İzmirlim, ben sana guuurban

Ateşkes yaparak destan yazdık!
19 Ekim 2019

Harekatı başlatarak zafer kazanmıştık.
Harekatı durdurarak zafer kazanmış olduk.
Şimdi sırada, geri çekilerek zafer kazanmamız var!

Asrın liderimiz “ABD bize ateşkes ilan edin diyor, asla ateşkes ilan etmeyiz” diyerek dik durmuştu.
Ertesi gün “ateşkes ilan ederek” dik durdu!

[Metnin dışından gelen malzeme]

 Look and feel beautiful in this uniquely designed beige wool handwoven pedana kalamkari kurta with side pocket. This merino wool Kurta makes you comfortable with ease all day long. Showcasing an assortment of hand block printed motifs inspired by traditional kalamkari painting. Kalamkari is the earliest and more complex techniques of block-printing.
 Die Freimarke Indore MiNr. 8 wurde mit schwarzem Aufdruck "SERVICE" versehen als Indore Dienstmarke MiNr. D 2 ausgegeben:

ABD heyeti gelirken “ben dimdik ayaktayım, onlarla görüşmeyeceğim, onlarla karşıtları görüşecek, ben Trump geldiği zaman konuşurum” diyerek, hepimizi gururlandırmıştı.
ABD heyeti gelince, bizzat görüştü, hatta ABD başkan yardımcısıyla masanın başında yan yana, eşit olarak oturarak, hepimizi gururlandırdı!

Dışişleri bakanımız sünnet çocukları gibi kamuflajlı üniforma giyip, kafasına özel harekat beresi takıp, fotoğrafını sosyal medyada yayınlıyor ama, kendisi polis veya asker kökenli değil.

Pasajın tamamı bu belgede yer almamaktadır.